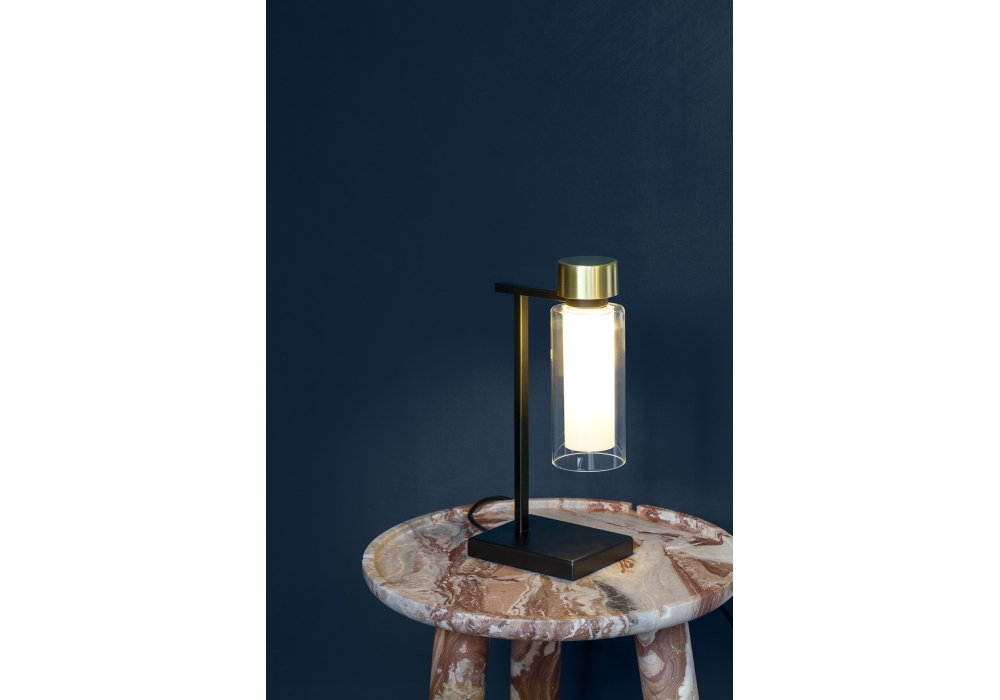 560 Osman von Corrado Dotti für Tooy entworfen, ist eine Tischlampe, die durch Details aus gebürstetem Messing und einen doppelwandigen Diffusor aus transparentem Glas oder Details aus schwarzem Chrom und einen Schirm aus Rauchglas bereichert wird. Es ist in 2 Modellen erhältlich. Das größere Modell ist auch mit integriertem Dimmer am Kabel erhältlich.
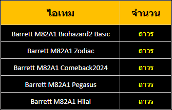 กรณีได้รับปืน Barrett M82A1 ลายเดิมซ้ำอีกครั้ง ผู้เล่นจะได้รับไอเทมชดเชย ส่งเข้าในเกม หลังจบงาน ภายใน 7 วันทำการ
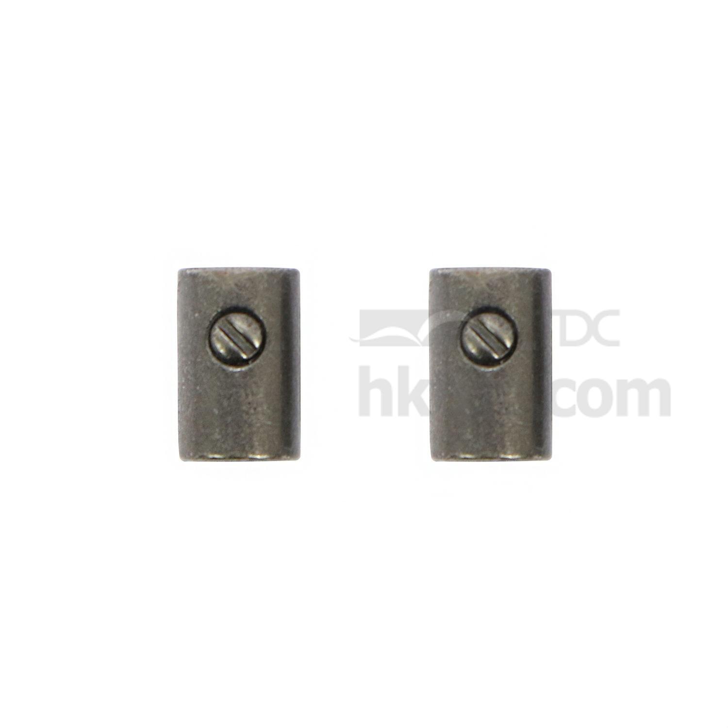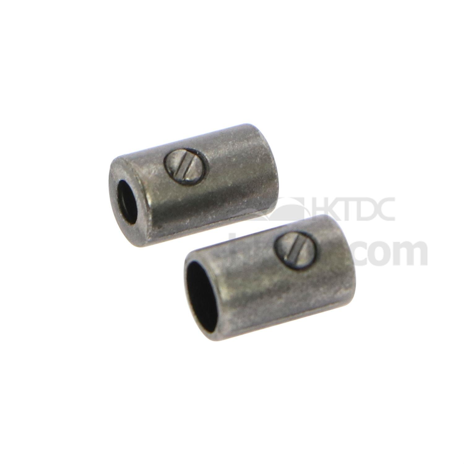 This cord end stopper is made of alloy and has a plated finish. It is cylindrical shaped and has a screw for attaching to cords and straps. The cord end stopper is available with holes in different sizes to fit different cords and can be used to add a vintage touch to garments and bags.
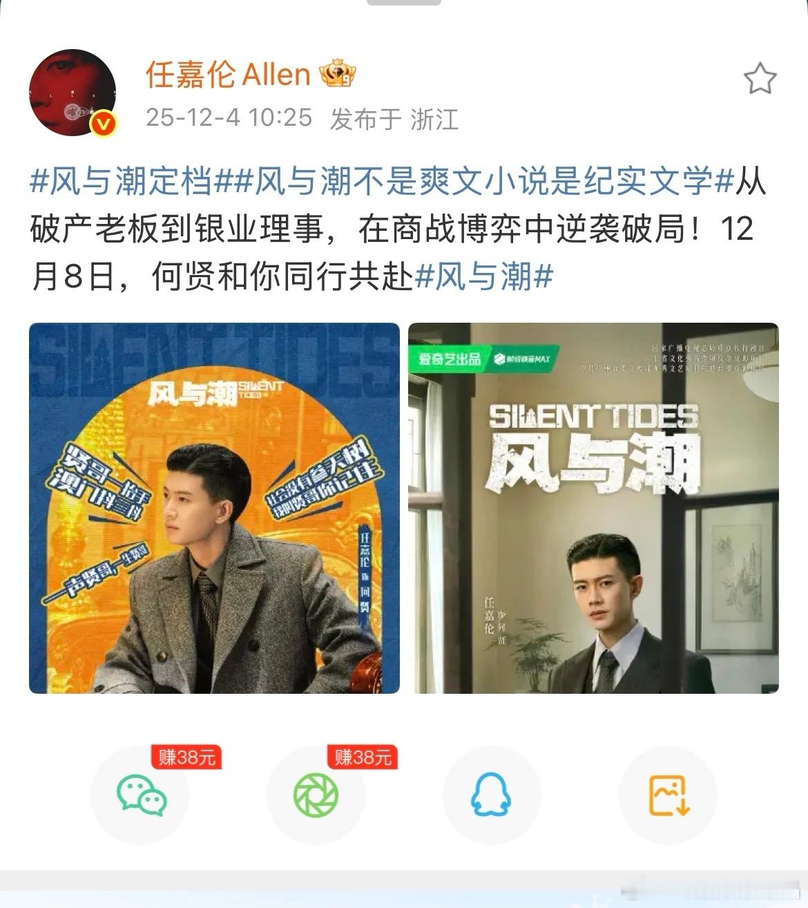 风与潮定档风与潮不是爽文都是自传 任嘉伦亲自宣布定档:从破产老板到银业理事,在商战博弈中逆袭破局!12月8日,何贤和大家一起共赴风潮!
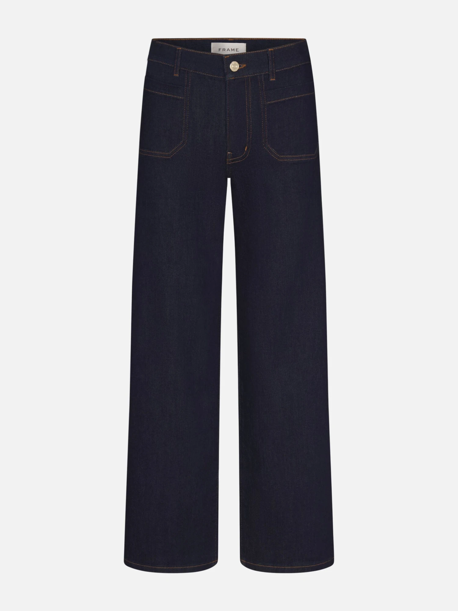 FRAME’s best-selling palazzo silhouette, now with chic front pocket details and a petite-friendly inseam. This pair has the same flattering high rise, fitted hip, and subtle wide-leg flare that hits at the floor. Crafted from a white, stretchy cotton blend for soft and comfortable wear.
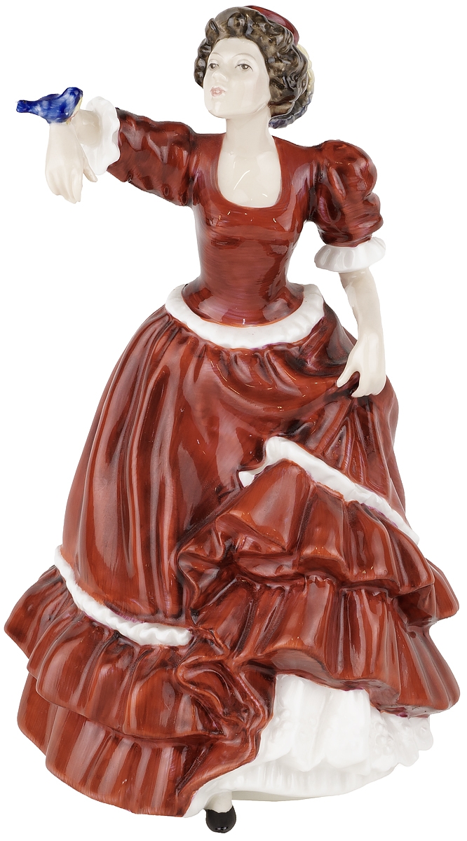 Статуэтка фарфоровая "Паулина", винтаж, девушка в красном платье, Высота 19,5 см, Royal Doulton, Великобритания, 1993 год
# # #
Task to complete ▸ Above are records; repeat only the lines from the line with "风与潮定档风与潮不是爽文都是" through the line with "FRAME’s best-selling palazzo", and leave pictures out.

Reply ▸
 风与潮定档风与潮不是爽文都是自传 任嘉伦亲自宣布定档:从破产老板到银业理事,在商战博弈中逆袭破局!12月8日,何贤和大家一起共赴风潮!
 FRAME’s best-selling palazzo silhouette, now with chic front pocket details and a petite-friendly inseam. This pair has the same flattering high rise, fitted hip, and subtle wide-leg flare that hits at the floor. Crafted from a white, stretchy cotton blend for soft and comfortable wear.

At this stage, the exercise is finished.